Tynker had been positioned as a gateway into North America’s K-12 coding market, but the platform’s fate became uncertain as BYJU’S began spiraling into financial instability. The acquisition price now reflects not only market skepticism but also the urgency to liquidate.
Epic Bought by TAL for $95 Million
BYJU’S second American asset, Epic, a popular kids’ reading platform, was acquired by China’s TAL Education Group for $95 million. That’s a steep discount from the $500 million BYJU’S shelled out in 2022.
Epic was BYJU’S second-largest acquisition after it bought Aakash Educational Services for nearly $1 billion. The hope was to build a strong US footprint, but these sales now mark a sharp retreat and a sobering reality: the edtech giant is in full-blown crisis mode.
The Legal Quagmire: Bankruptcy and Allegations
These asset sales are not just a business pivot — they’re a legal necessity.
In June 2024, a group of lenders who had provided $1.2 billion in loans to BYJU’S through its US entity, BYJU’S Alpha Inc., filed a petition in a US bankruptcy court against Epic and Tynker. They claimed the companies were part of a larger financial mismanagement operation.
Soon after, the lenders launched a lawsuit against BYJU’S co-founder Byju Raveendran, his wife Divya Gokulnath, and former chief strategy officer Anita Kishore, alleging they misappropriated $533 million from the borrowed funds — a claim that points to grave financial misconduct.
Delaware Court’s Findings: Fraudulent Transfers and Fiduciary Breach
The Delaware Bankruptcy Court found strong indications of fraudulent transfers and theft, deepening the legal entanglement for BYJU’S leadership.
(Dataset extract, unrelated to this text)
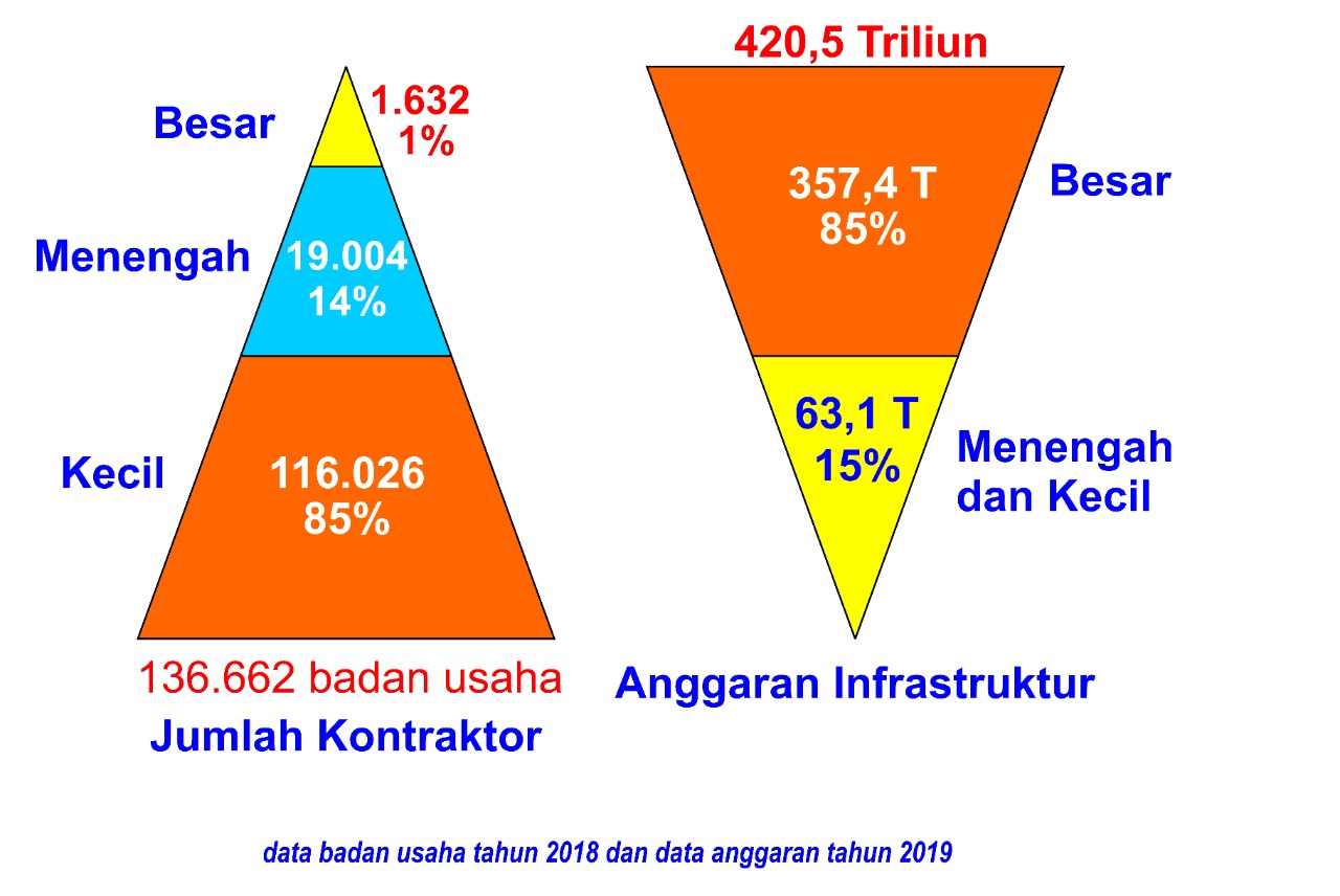 Sementara proyek besar senilai 357 Triliun dilaksanakan oleh kontraktor kualifikasi besar saja, sisanya yang 63,1 T digarap oleh kontraktor menengah dan kecil.
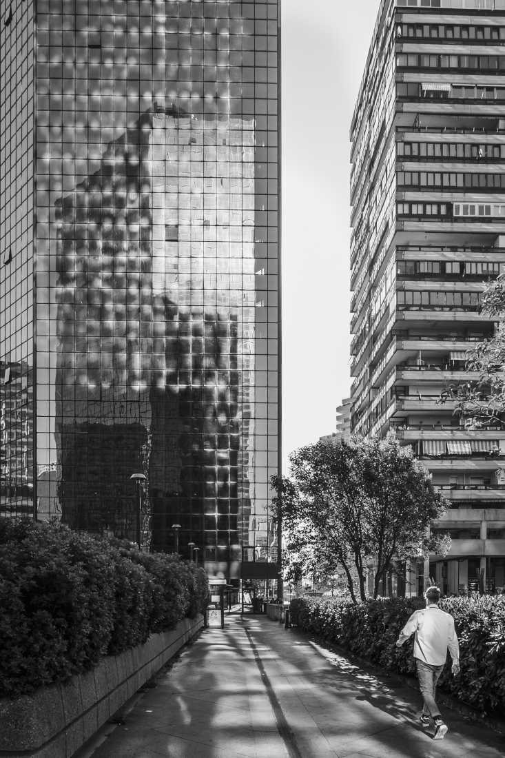 Fantastico il palazzo che si riflette nell'altro, molto ben realizzata anche la conversione in BN. Avrei aspettato un secondo per piazzare il passante leggermente più avanti...

One of the most damning revelations came against Riju Ravindran, suspended director of BYJU’S Alpha Inc. and brother of Byju Raveendran, who the court stated had violated his fiduciary duties.
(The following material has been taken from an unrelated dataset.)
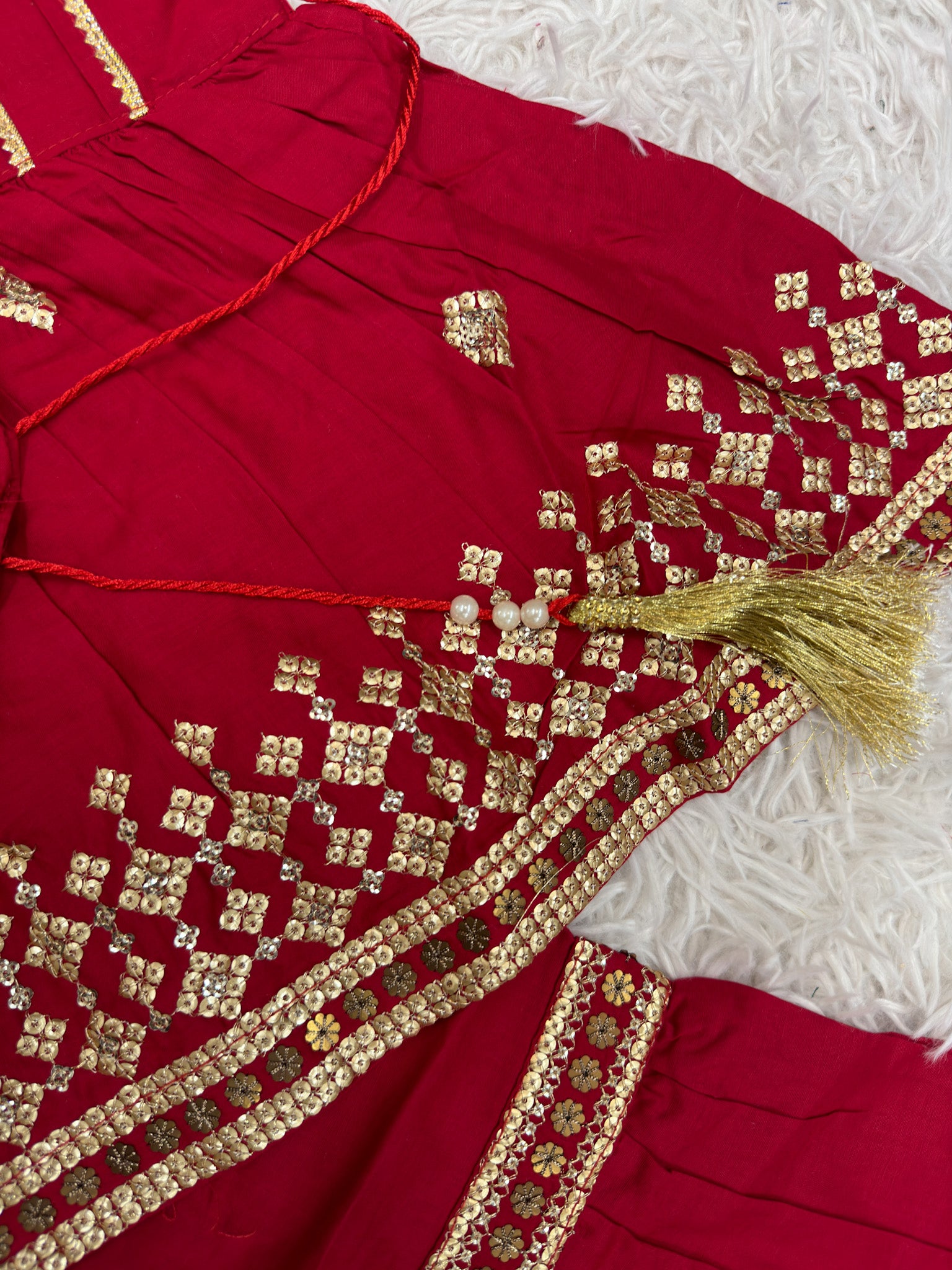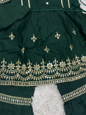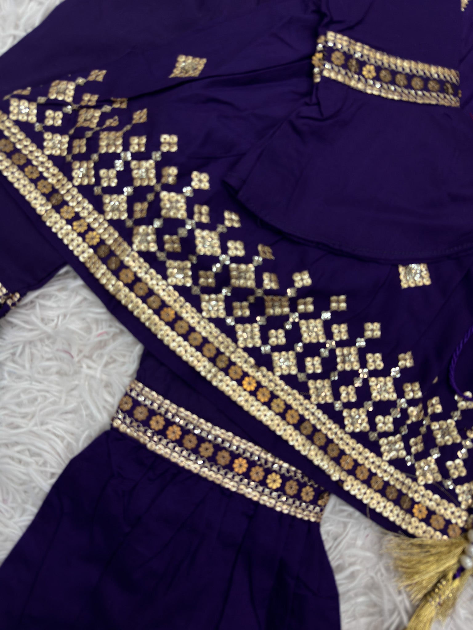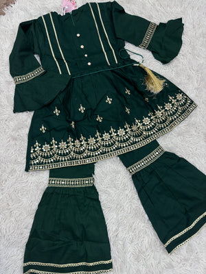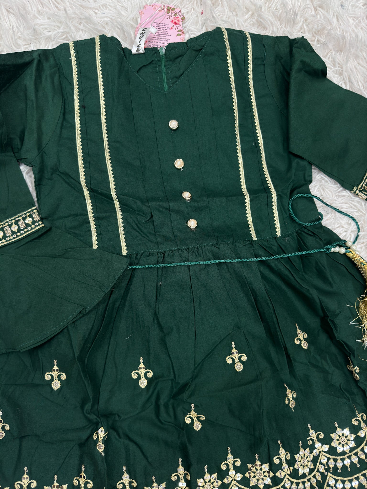 Explore the elegance of traditional wear with Baby Choice, available at Maryam Qasim Boutique. These soft cotton 2-piece Gharara outfits are beautifully crafted with intricate mirror embroidery*, gota lace, and sequin detailing. The adjustable belt ensures a comfortable fit, while the convenient back zipper makes dressing easy. Perfect for any occasion, these outfits blend style and comfort, making them an ideal choice for your little ones.

These rulings not only damage BYJU’S credibility in international markets but could also have long-term consequences for Indian startups looking to expand abroad.
Turning to Indian Courts: The NCLT and NCLAT Route
In parallel, the Raveendran brothers have approached India’s National Company Law Tribunal (NCLT) and National Company Law Appellate Tribunal (NCLAT) seeking relief. Their appeal aims to block the functioning of the Committee of Creditors (CoC) and challenge the appointment of the resolution professional, essentially trying to regain some control over the insolvency process in India.
Whether Indian tribunals offer them any relief remains to be seen. But globally, the tide seems firmly against them.
Credits: The News Minute
A Cautionary Tale of Overreach
BYJU’S meteoric rise was once the poster child for India’s edtech potential. But what followed was a series of overambitious acquisitions, opaque governance, and delayed financial reporting that eroded investor trust and operational integrity.
Now, as BYJU’S sells off crown jewels like Epic and Tynker to pay down debt and fend off lawsuits, the company is not just restructuring — it’s fighting for survival.